Clean up the labels with labs().

ggplot(cites, aes(x = cited_by, y = fwci, colour = factor(year))) +
  geom_point(alpha = 0.5) +
  geom_smooth(method = "lm", formula = y ~ x, colour = "black") +
  scale_x_log10(breaks = c(0.1, 1, 10, 100, 1000),
                labels = c(0, 1, 10, 100, 1000)) +
  scale_y_log10(breaks = c(0.1, 1, 10, 100, 1000),
                labels = c(0, 1, 10, 100, 1000)) +
  scale_color_manual(values = rb_colours) +
  labs(title = "The Relationship between Citations and FWCI",
       subtitle = "235 Open Access Psychological Science Papers",
       x = "Citation Count",
       y = "Field Weighted Citation Impact",
       colour = "Publication Year",
       caption = "debruine.github.io/30DCC-2025/02-slope") +
  theme(legend.position = c(0.15, 0.75), 
        plot.caption = element_text(color = "dodgerblue"))

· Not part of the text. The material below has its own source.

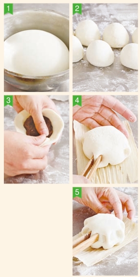 八角灯笼包 面粉400克,酵母3克,牛奶250克,豆沙馅儿适量
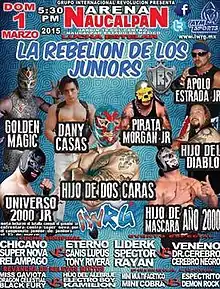 professional wrestling has been a generational tradition in Lucha libre since its inception early in the 20th century, with a great deal of second or third-generation wrestlers following in the footsteps of their fathers or mothers.[2] Several lucha libre promotions honor those traditions, often with annual tournaments such as Consejo Mundial de Lucha Libre's La Copa Junior.[3] The Naucalpan, State of Mexico based International Wrestling Revolution Group (IWRG) created the IWRG Junior de Juniors Championship in 2011, a championship where only second or third-generation wrestlers are allowed to challenge for it. In addition to legitimate second-generation wrestlers there are a number of wrestlers who are presented as second or third-generation wrestlers, normally masked wrestlers promoted as "Juniors". These wrestlers normally pay a royalty or fee for the use of the name, using the name of an established star to get attention from fans and promoters.[2] Examples of such instances of fictional family relationships include Arturo Beristain, also known as El Hijo del Gladiador ("The Son of El Gladiador) who was not related to the original El Gladiador, or El Hijo de Cien Caras who paid Cien Caras for the rights to use the name.[4][5] Weeks after the creation of the Junior de Juniors Championship IWRG held their first IWRG Rebelión de los Juniors show with the centerpiece of the show being the Junior de Juniors Championship. The Rebelión de los Juniors shows, as well as the majority of the IWRG shows in general, are held in "Arena Naucalpan", owned by the promoters of IWRG and their main arena. The 2015 show was the fifth year in a row that IWRG used the Rebelión de los Juniors name for a show

Figure 2.1: A chart showing the relationship between citation count (plotted on the x-axis) and field-weighted citation impact (FWCI; plotted on the y-axis). The relation is strongly positive and linear, with some variation. The papers are represented by points with the colour by year of publication (2014-2024), showing that the papers above the regression line tend to be more recent, and those below the line tend to be older.